Scalar multiplication in element-wise Tensor methods

LaurentMazare / tch-rs

Rust bindings for the C++ api of PyTorch.

Apache License 2.0

4.28k stars 340 forks source link

Scalar multiplication in element-wise Tensor methods #133

Open danieldk opened 4 years ago

danieldk commented 4 years ago

I am implementing the AdamW optimizer for a project. The implementation can benefit from in-place computations, in particular add_, addcmul_, and addcdiv_. The tensor, multiplied tensors, and divided tensors need to be scaled before addition. Unfortunately, the corresponding Tensor methods do not take a scalar, instead the default (in the C++ API) of 1.0 is used. So, instead, some temporaries are needed.

It would be nice if the 'scaling scalar' was also exposed as an argument.

tiberiusferreira commented 4 years ago

Looks like you need to change the default params, like me in https://github.com/LaurentMazare/tch-rs/issues/132 , is that right? If that is so, take a look there to see why they are not exposed.

danieldk commented 4 years ago

Looks like you need to change the default params, like me in #132 , is that right? If that is so, take a look there to see why they are not exposed.

Indeed, it's a default parameter in C++. But the reasoning is sensible. It seems that the slowdown in my case is ~14% (comparing regular Adam to AdamW with fewer in-place operations) on an Quadro RTX 5000. Not dramatic, but it looked like somewhat low-hanging fruit ;).

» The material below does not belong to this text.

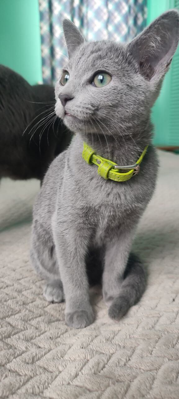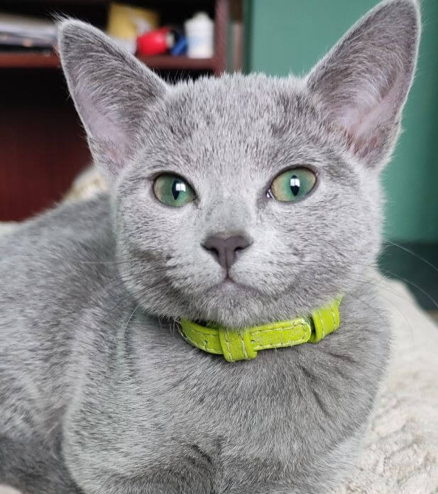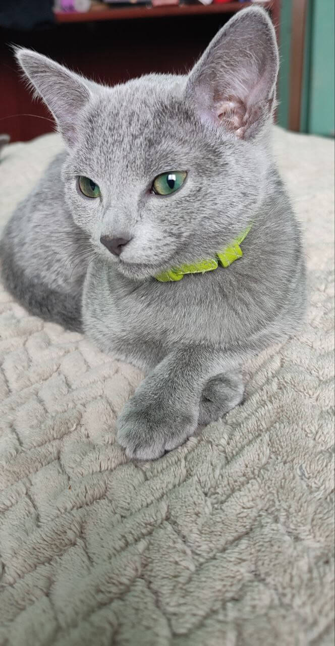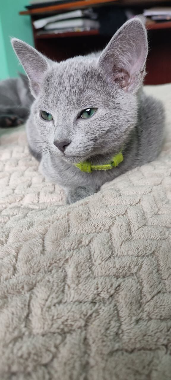 Elisa charms with a sweet, affectionate nature—she adores gentle cuddles, seeking out sunny nooks or your lap for heartfelt snuggles. Her elegant blue fur shines with each playful leap, while her enchanting green eyes follow you with intelligence and trust. Raised among loving hands, Elisa is beautifully socialized, tidy with her litter habits (wood pallets or clumping!), and always eager for gentle play or quiet companionship.

LaurentMazare commented 4 years ago

Handling default parameters is a bit messy indeed as detailed in the other issue. It would be easy to expose manually some of these but of course that would be a bit on the hacky side. I imagine that the 14% figure is just for the optimizer book-keeping which doesn't include gradient computation, is this right ? (I would imagine gradient computation to be far slower for most use cases but maybe that's not the case)

danieldk commented 4 years ago

I imagine that the 14% figure is just for the optimizer book-keeping which doesn't include gradient computation, is this right ? (I would imagine gradient computation to be far slower for most use cases but maybe that's not the case)

Indeed, I just use Tensor::backward to compute gradients.